He is right. For decades we have been finessing the issue with a mess of compromises, euphemisms, incoherences and pretenses such as banning racial quotas but promoting racial "goals." Anyone who has ever had to make hiring or admission decisions knows that this angel-on-the-head-of-pin distinction is 95 percent a matter of appearances, gestures and lawsuit-avoiding paperwork.
And yet we have muddled our way through, permitting a large dose of intentional discrimination to ameliorate past discrimination -- and present inadvertent imbalances -- without totally abandoning the ideal of colorblindness.
The result? At the near half-century mark of the Civil Rights Act, racial minorities have seen remarkable social advancement. The younger generation is infinitely more racially tolerant and accepting. We've made great racial progress. But the fundamental unfairness that underlies the racial spoils system continues to rankle. That's what animated the Ricci case.

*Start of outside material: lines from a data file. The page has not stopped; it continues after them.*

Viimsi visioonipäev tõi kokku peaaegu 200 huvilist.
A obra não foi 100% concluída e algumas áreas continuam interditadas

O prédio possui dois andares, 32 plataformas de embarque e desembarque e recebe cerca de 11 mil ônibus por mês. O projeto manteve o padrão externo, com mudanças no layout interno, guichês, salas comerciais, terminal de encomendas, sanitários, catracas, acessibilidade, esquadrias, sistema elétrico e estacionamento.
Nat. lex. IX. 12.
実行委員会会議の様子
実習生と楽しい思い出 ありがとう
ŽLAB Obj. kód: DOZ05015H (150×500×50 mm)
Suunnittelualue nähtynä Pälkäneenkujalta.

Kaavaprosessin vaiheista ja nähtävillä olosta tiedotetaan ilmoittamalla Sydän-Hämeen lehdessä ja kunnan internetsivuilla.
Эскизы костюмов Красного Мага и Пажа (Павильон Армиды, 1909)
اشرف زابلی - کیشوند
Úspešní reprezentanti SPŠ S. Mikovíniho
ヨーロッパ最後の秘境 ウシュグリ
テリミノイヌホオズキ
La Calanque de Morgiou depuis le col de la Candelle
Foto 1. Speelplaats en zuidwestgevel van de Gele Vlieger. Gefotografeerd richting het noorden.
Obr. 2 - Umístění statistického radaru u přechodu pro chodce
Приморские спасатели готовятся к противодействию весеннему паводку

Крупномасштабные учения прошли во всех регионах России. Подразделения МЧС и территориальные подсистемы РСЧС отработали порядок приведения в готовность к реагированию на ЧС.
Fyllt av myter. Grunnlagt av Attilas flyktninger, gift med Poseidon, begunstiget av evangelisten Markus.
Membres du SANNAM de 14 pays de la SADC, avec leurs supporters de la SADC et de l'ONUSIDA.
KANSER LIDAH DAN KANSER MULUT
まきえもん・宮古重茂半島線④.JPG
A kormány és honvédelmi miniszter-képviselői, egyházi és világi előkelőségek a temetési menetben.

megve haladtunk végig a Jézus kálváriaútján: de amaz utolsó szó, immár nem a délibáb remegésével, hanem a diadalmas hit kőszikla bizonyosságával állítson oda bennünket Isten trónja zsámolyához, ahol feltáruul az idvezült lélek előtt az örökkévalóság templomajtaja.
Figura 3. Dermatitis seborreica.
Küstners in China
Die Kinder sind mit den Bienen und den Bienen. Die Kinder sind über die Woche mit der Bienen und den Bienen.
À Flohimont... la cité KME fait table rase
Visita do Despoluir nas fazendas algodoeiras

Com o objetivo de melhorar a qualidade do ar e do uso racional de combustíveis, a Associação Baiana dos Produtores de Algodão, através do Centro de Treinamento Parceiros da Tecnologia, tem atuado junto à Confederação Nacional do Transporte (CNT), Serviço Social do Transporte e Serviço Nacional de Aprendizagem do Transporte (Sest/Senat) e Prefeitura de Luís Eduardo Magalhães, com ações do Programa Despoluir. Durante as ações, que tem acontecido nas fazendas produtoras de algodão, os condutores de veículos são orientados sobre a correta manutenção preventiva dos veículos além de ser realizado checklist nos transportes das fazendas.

We're 45 years beyond passage of the Civil Rights Act. We have a black attorney general and a black president. As with every passing year we move generationally away from the era of Jim Crow, it becomes less and less justified for the government to mandate "remedial" racial discrimination. Which is why in one of her last opinions, Justice Sandra Day O'Connor said that "the Court expects that 25 years from now, the use of racial preferences will no longer be necessary."
The import of Ricci, which raised the bar on reverse discrimination, is that it heads us once again toward that day -- and back to true colorblindness that was the original vision, and everlasting glory, of the civil rights movement.